In the early years of the auto industry, the factories that produced cars and the parts for them were once confined only to the countries that the manufacturer was established in (BMW in Germany, Toyota in Japan, Ford in the USA, etc). However, as the auto industry rapidly expanded around the globe and cars were being sold in other countries as well, it made sense to produce them closer to the markets. And from the 1960s onwards, as more countries began industrialising – like Malaysia – incentives were also offered to carmakers to invest in local production.
Globalisation of the industry has led to factories being set up all over the world, some to serve a few markets and some as production hubs for regions or even the entire world. The need to have huge volumes for economies of scale that drive down costs is one reason for this approach. There are also political considerations which come into play as exports of vehicles from one country to another need to be ‘balanced’.
While the construction of new factories to make vehicles is ongoing, there is now a wave to establish factories to supply parts and systems for the coming era of electrification. The next decade will see a leap in hybrid and electric vehicles and demand will be great, so the factories must start up now in order to be able to meet that demand.
Incentives matter as well as policy clarity and stability
Choosing a country to build a new factory requires not just careful planning but also consideration of the incentives offered by the government. The investments and job opportunities as well as export potential are also attractive enough to governments to offer investments to attract carmakers. Clarity and stability of automotive policies is also important as carmakers plan over many years and they need to be assured that changes are not made just because a new minister has taken over and had other ideas about the direction.
Thailand has been good at policy stability, which is probably on reason why a number of global players built their production hubs there. Changes of government may occur but policies are maintained and that’s what matters.
BMW chooses Thailand
Following on from BMW Group Thailand’s earlier endorsement for incentives by Thailand’s Board of Investment (BoI) for a 700 million baht (about RM96 million) outlay in BMW plug-in hybrid electric vehicle (PHEV) production, the company has jointly invested with DRAXLMAIER Group in this battery assembly plant, worth 500 million baht (about RM69 million).
“This new beacon for e-mobility innovations will further unlock the competence of Thailand’s automotive industry. The incentives from BoI also symbolize the unity between the public and private sectors in this undertaking towards a sustainable future,” BMW notes.
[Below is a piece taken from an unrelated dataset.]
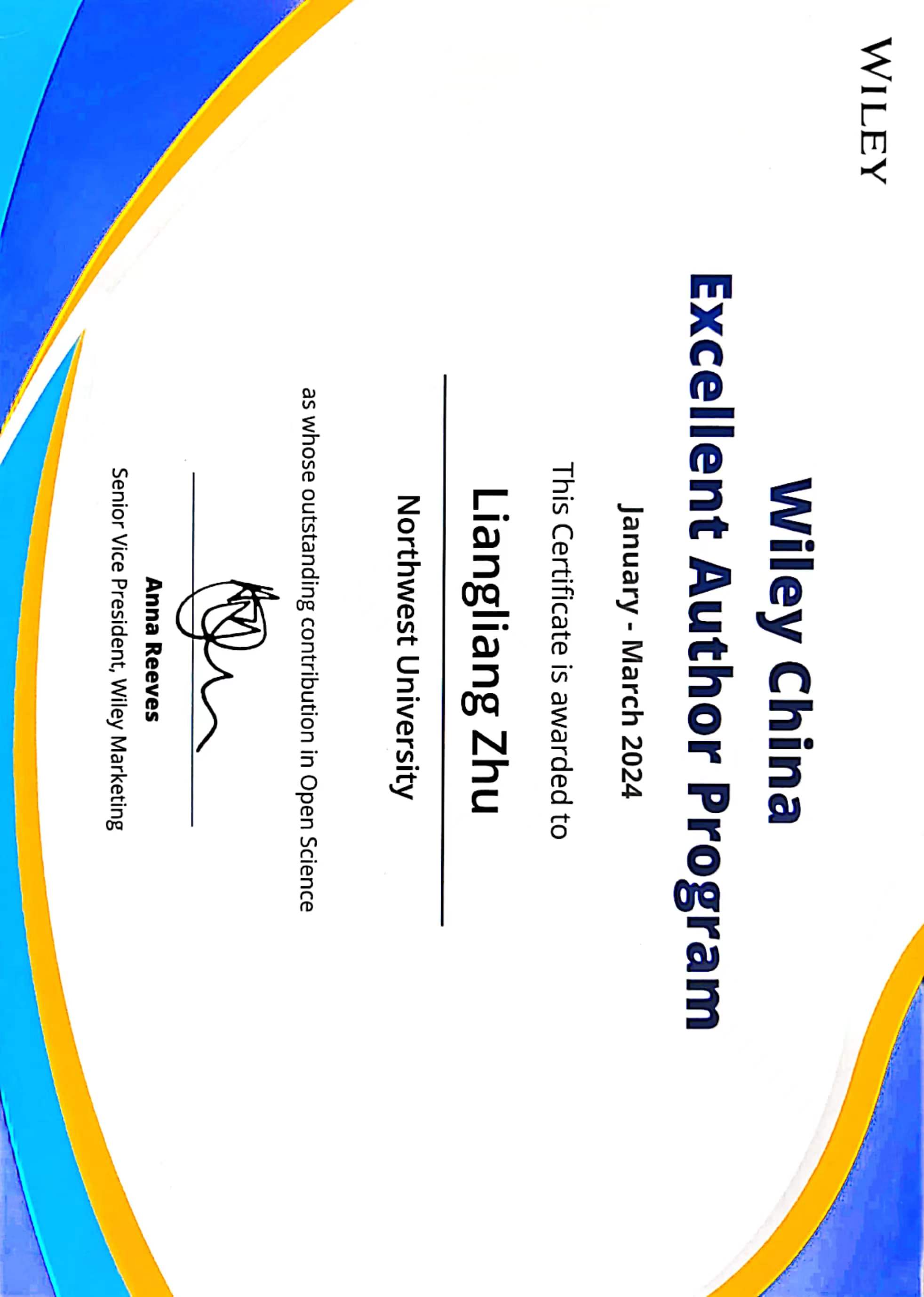 Wiley China-Excellent Author Program

BMW Group Thailand has thus marked another historic milestone with the inauguration of a local high-voltage battery production plant in partnership with the DRAXLMAIER Group, one of the world’s leading automotive suppliers and a partner of BMW Group since 1966. BMW Group Thailand launched the local assembly lines in July 2019 at the plant in WHA Chonburi Industrial Estate 2. The high-voltage battery assembly plant is assembling both battery modules and the battery itself.
Uwe Quaas, MD of BMW Group Manufacturing Thailand said: “One of the pillars of BMW Group’s global strategy is electrification, and BMW Group Manufacturing Thailand is underlining its commitment to this mission by taking another big step forward in our electro-mobility strategy. The start of local battery production enables us to better respond to growing domestic demand for electrified vehicles in Thailand. This new capability also strengthens the performance of Plant Rayong in fulfilling the country’s mission of sustainable mobility.”
Fully trained workforce
The high-voltage battery is a central element of partially and fully electrified vehicles and a highly sophisticated component that requires specialized skills to produce. Thanks to the advanced training and qualification programs initiated in September 2018, the staff from the DRAXLMAIER Group who have participated in the battery production training program at BMW’s Group Plant Dingolfing – the BMW Group Competence Centre for e-drive production – and the BMW Group pilot plant for e-drivetrains in Munich, are now ready for the high-tech assembly work to produce the latest generation (Gen4) of the BMW Group high-voltage batteries
This involves the use of cutting-edge production technologies onsite including laser welding, plasma activation, robotics, gluing, automated optical and electrical inline quality inspection along with end-of-line testing. The training is also focused on supporting a highly automated process, which is an important part of battery module production, as well as comprehensive quality assurance, product methodology and technology, rework, and analysis.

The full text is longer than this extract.